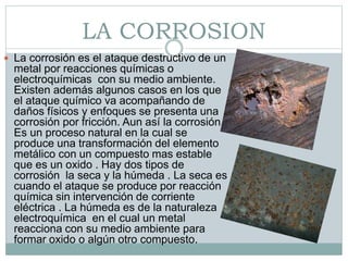 Este documento trata sobre la corrosión. Explica que la corrosión es el ataque químico o electroquímico de un metal por su medio ambiente, resultando en su degradación. Describe dos tipos de corrosión: la seca por reacción química y la húmeda por reacción electroquímica. Además, detalla diversos tipos de corrosión como la galvánica, por picadura y uniforme. Finalmente, presenta métodos para prevenir la corrosión como protección catódica, recubrim
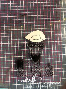 I trimmed the white cardstock to 3 x 4.75″, rounded all of the corners with my cropper. Backed this with a piece of white foam cut just a bit smaller and I used liquid glue to adhere. The black cardstock is 4-1/8 x 5-1/4″ (approximately) and the card base is 4.25 x 11″ (scored at 5.50″). I colored the images with Copic Markers, trimmed it to 3 x 4.75″ and rounded the corners.
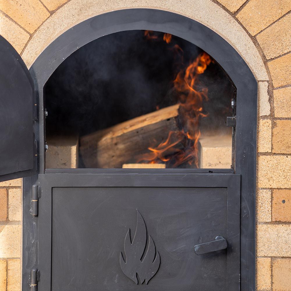 Sie können die Ofentür Caserta in unseren Pizzaofen Bausätzen oder in Ihr eigenes Ofenprojekt einbauen. Unsere Ofentüren "PUR Schamotte" haben standardmäßig den Türanschlag auf der linken Seite. Alternativ können wir den Türanschlag auch auf der rechten Seite anfertigen. Sie können die Seite des Türanschlags kostenlos auswählen. Die beiden Türen können unabhängig voneinander geöffnet und geschlossen werden.
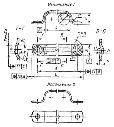 Пример условного обозначения трехместной скобы исполнения 1 D = 20 мм из стали марки 08 кп с покрытием Хим. фос прм: Скоба 1-20-08кп-Хим.фос.прм ГОСТ 24135-80 То же, исполнения 2 из стали марки 12Х18Н10Т с покрытием Хим. Пас.: Скоба 2-20-12Х18Н10Т-Хим.Пас. ГОСТ 24135-80. 3. Технические требования - по ГОСТ 24140-80. |

- [TO DO] What the answer needs is every line from the one containing "Sie können die Ofentür" through the final line of the data above, copied exactly, without pictures.

- [FINISHED EXERCISE]
 Sie können die Ofentür Caserta in unseren Pizzaofen Bausätzen oder in Ihr eigenes Ofenprojekt einbauen. Unsere Ofentüren "PUR Schamotte" haben standardmäßig den Türanschlag auf der linken Seite. Alternativ können wir den Türanschlag auch auf der rechten Seite anfertigen. Sie können die Seite des Türanschlags kostenlos auswählen. Die beiden Türen können unabhängig voneinander geöffnet und geschlossen werden.
 Пример условного обозначения трехместной скобы исполнения 1 D = 20 мм из стали марки 08 кп с покрытием Хим. фос прм: Скоба 1-20-08кп-Хим.фос.прм ГОСТ 24135-80 То же, исполнения 2 из стали марки 12Х18Н10Т с покрытием Хим. Пас.: Скоба 2-20-12Х18Н10Т-Хим.Пас. ГОСТ 24135-80. 3. Технические требования - по ГОСТ 24140-80. |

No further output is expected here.